杨帆看得触目惊心,这沿海的商船走私,比他想象中的还要严重得多。
夏时敏道:“海运贸易,原本以江南沈家为主,后沈家被抄家,这生意就落到了各地的豪强士绅手中,如今泉州府内共有十余家基本垄断了海运,那庄晋、严刚都有参与。”
杨帆思索了片刻,道:“十余家富户垄断海运,这人遍布泉州府各县,管辖范围已经超出了我晋江县,刘启刘大人能否牵头,与我一起前往拜会福建行省布政使司布政使大人?”
杨帆的能力再大,也就只能管理一个晋江县,毕竟,他现在可不是锦衣卫指挥使了。
夏时敏露出为难之色,道:“不瞒您说,刘大人得过且过,不愿意惹麻烦,每天就摆弄他的花花草草,你让他出头,根本不可能。”
杨帆微微颔首,说道:“夏先生不必烦心,此事我会禀明陛下,让陛下来定夺。”
朱元璋最恨贪官污吏,上次抄家那么多朱元璋都没手软,对付泉州的这群蛀虫,朱老板更不会手软。
夏时敏闻言喜形于色,道:“有杨大人这句话我就放心了,泉州府终于有希望了。”
聊完了正事,杨帆与夏时敏开始闲聊,从泉州府的人文地理,聊到了家中。
杨帆孤身一人起于草莽之间,让夏时敏颇为佩服,至于夏时敏家境并不是太好。
夏时敏的父亲夏希政曾担任湖广行省都事,不过夏希政是在元末担任的官职。
元末战乱频发,夏家也家道中落,夏时敏一家辗转来到了泉州府过活。
夏时敏学问不错,可他不会钻营奉承,一直在泉州市舶司担任一小小的吏目,闲暇时候还要靠着去教谕教书,补贴家用,一家人过得很是清贫。
杨帆点了点头,安慰道:“夏先生有才华,也有一颗为百姓办实事的心,假以时日有机会,一定能走得更远。”

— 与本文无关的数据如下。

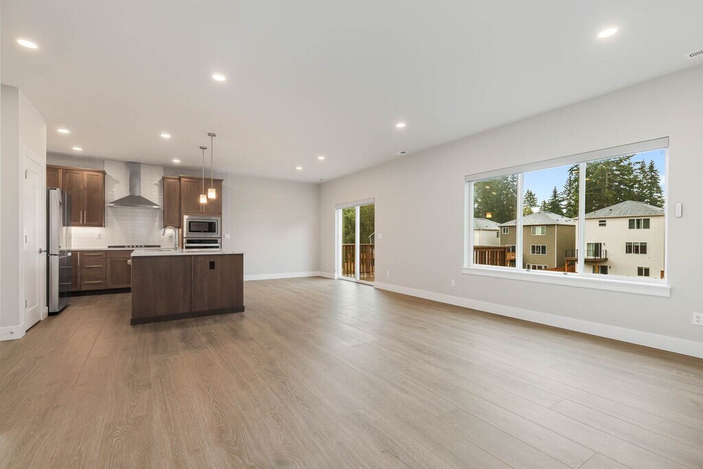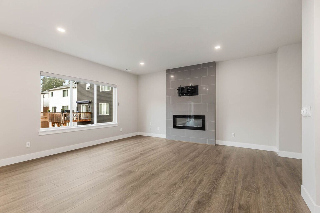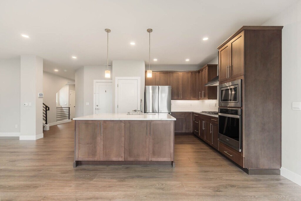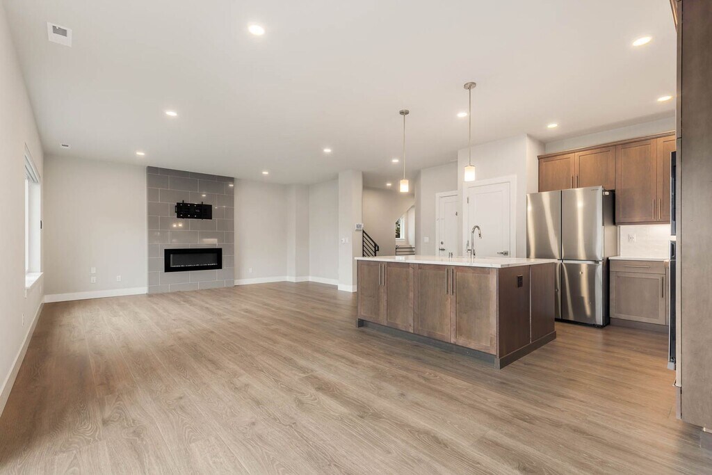 This Armstrong Daylight floor plan has everything you’re looking for. The open-concept main level features a chef’s kitchen with premium finishes, a large island, gas cooktop, and plenty of space for entertaining. The living room showcases soaring ceilings, an electric fireplace, and oversized windows that fill the space with natural light. Step out onto the deck, perfect for morning coffee or evening BBQs. Upstairs, you’ll find two additional bedrooms, a full bath, a laundry room, and a versatile nook ideal for a home office or cozy reading corner. The spacious primary suite offers a spa-like retreat with dual sinks, separate tub and shower, and a generous walk-in closet. The lower level provides a large rec room, an additional bedroom with a ¾ bath, and direct walk-out access to open green space. A second deck extends the living outdoors, offering serene views and room to relax or entertain. Don't miss out to call this place home! *Under-stair storage is reserved for the owner and will remain locked. Required Resident Benefit Program for an additional $36.50 per month. Program details and benefits can be found at

夏时敏端起茶杯,笑道:“当初初入仕途一腔热血,如今都快消磨干净了,我就想着让吾儿元吉好好读书,将来若是能金榜题名,我夏家还有重新辉煌的可能。”
杨帆初时还未反应过来,道:“夏先生学识广博,子嗣一定是聪明的……等等!夏先生说你家儿子叫什么?”
杨帆的反应很大,吓了夏时敏一跳。
“吾儿名叫夏元吉,今年才八岁,杨大人怎么了?有什么不妥么?”
没有不妥!
杨帆的心中涌起一股狂喜,离开了应天这么久,他终于又遇见了一个未来在历史上举足轻重的人物。
这夏元吉可是未来朱棣的辅臣,被明仁宗朱高炽评价为:夏某,朕之股肱,四夷所仰。
杨帆很快平复了情绪,面含笑意道:“夏元吉!好名字,吾速来爱财,与夏先生也是一见如故,这样我私人拿些银两,赠予夏先生。”
夏时敏连忙摆手拒绝,道:“不可不可,我与杨大人初次相见,怎么能收杨大人的银子?”
杨帆笑道:“君子坦荡荡,小人长戚戚,我赠予夏先生银两,是为你家孩子读书所赠,且不过几十两银子不算什么大事,夏先生若当我是朋友,就不要推辞。”
三十两银子,对于夏时敏来说可不少了。
最终,夏时敏还是收下了杨帆的银两,接受了杨帆的好意。
他当然不会想到,杨帆赠送银两,是为了拉拢他那未来前途无量的好儿子——夏元吉。
这就叫,父凭子贵。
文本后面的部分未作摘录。